- **PROVIDED ENTRIES**:
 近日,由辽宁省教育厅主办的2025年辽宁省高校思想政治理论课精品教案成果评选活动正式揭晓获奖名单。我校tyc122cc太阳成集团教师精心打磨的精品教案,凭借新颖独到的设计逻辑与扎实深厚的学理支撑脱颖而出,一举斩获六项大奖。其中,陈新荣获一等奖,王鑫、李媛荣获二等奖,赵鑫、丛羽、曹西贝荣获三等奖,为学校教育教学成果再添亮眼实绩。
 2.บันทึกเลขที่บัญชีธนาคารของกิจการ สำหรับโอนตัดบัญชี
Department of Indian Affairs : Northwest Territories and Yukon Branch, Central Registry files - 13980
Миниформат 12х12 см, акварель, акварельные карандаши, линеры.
* * *
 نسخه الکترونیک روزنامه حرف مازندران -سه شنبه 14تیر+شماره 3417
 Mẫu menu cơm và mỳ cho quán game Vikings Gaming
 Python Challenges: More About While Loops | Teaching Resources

- **EXERCISE**: Taking the listing above as the source, transcribe only the lines starting at the line with "Department of Indian" and going through the line with "Миниформат 12х12 см, акварель, акварельные", unaltered and with both ends included.

- **WRITTEN ANSWER**:
Department of Indian Affairs : Northwest Territories and Yukon Branch, Central Registry files - 13980
Миниформат 12х12 см, акварель, акварельные карандаши, линеры.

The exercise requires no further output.